次のア)−オ)のうち、伝統的に行政裁量が広く認められると解されてきた行政行為の組合せとして、最も適切なものはどれか。

ア) 道路交通法に基づく自動車の運転免許

イ) 電気事業法に基づく電気事業の許可

ウ) 建築基準法に基づく建築確認

エ) 食品衛生法に基づく飲食店の営業許可

オ) 公有水面埋立法に基づく公有水面の埋立免許

1) ア)、オ)
2) イ)、ウ)
3) イ)、オ)
4) ウ)、エ)
5) エ)、オ)

■解説

【難易度】易しい。

まず、選択肢中にあげられた行政行為が、伝統的な行政行為論の分類の何に該当するかが問題である。

ア) 許可に該当する。
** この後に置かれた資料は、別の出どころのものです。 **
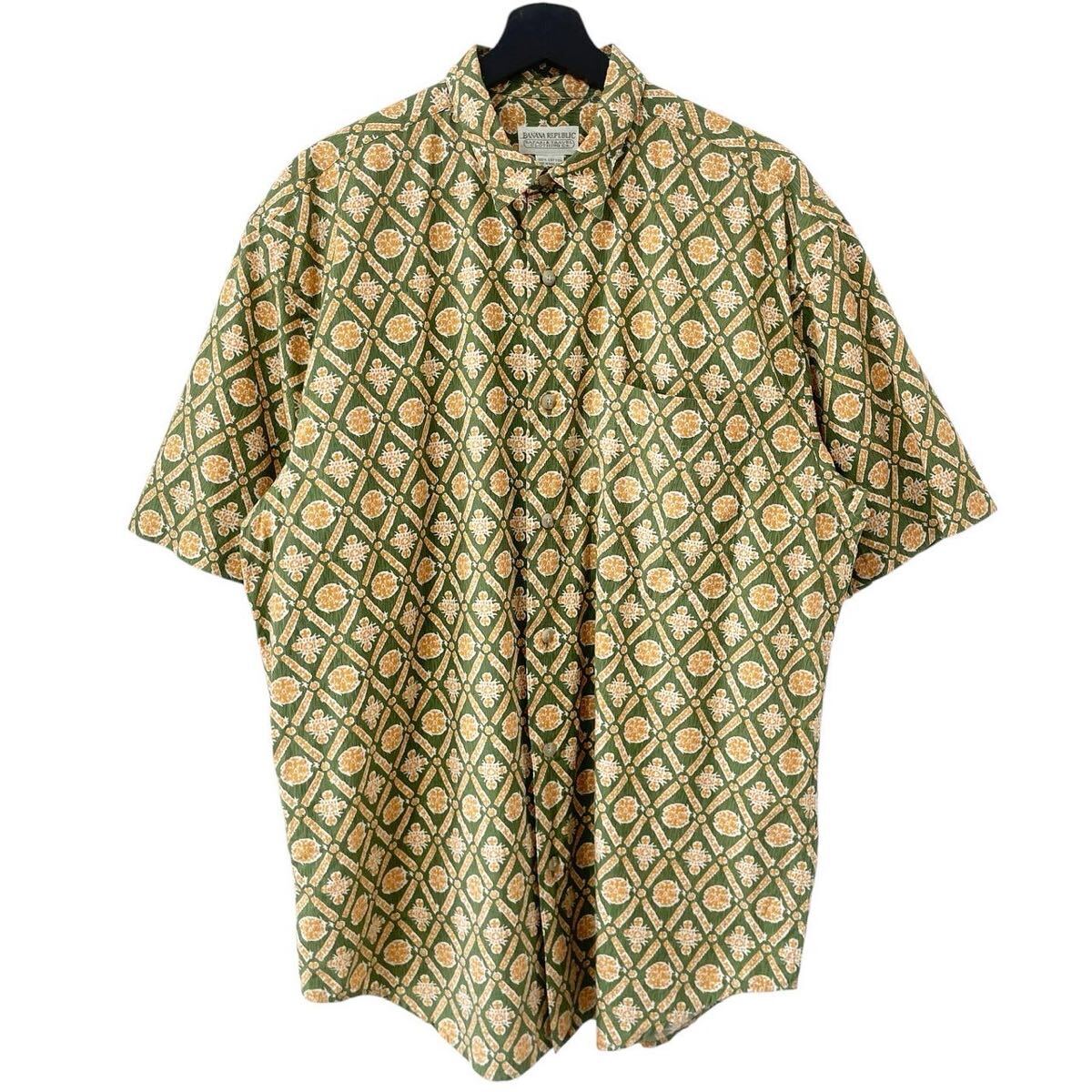 > ■激レア■90s BANANA REPUBLIC SAFARI&TRAVEL HAWAIIAN S/S SHIRT ML バナナリパブリック バナリパ ハワイアン 半袖シャツ総柄 ビンテージ

芝池義一『行政法総論講義』第4版(2001年、有斐閣)128頁。

イ) 特許に該当する。「公企業の特許」に該当する。塩野宏『行政法T』第5版(2009年、有斐閣)塩野117頁。

ウ) 確認に該当する。前掲芝池132頁。

エ) 許可に該当する。

オ) 特許に該当する。前掲芝池129頁。

許可と特許両者の裁量の幅につき如何。相対的な違いであるものの、特許のほうが裁量の幅が広い(許可についての行政の裁量は覊束裁量、特許についての裁量は自由裁量である)と解される。前掲芝池130頁。よって正解はイ)、オ)の3となろう。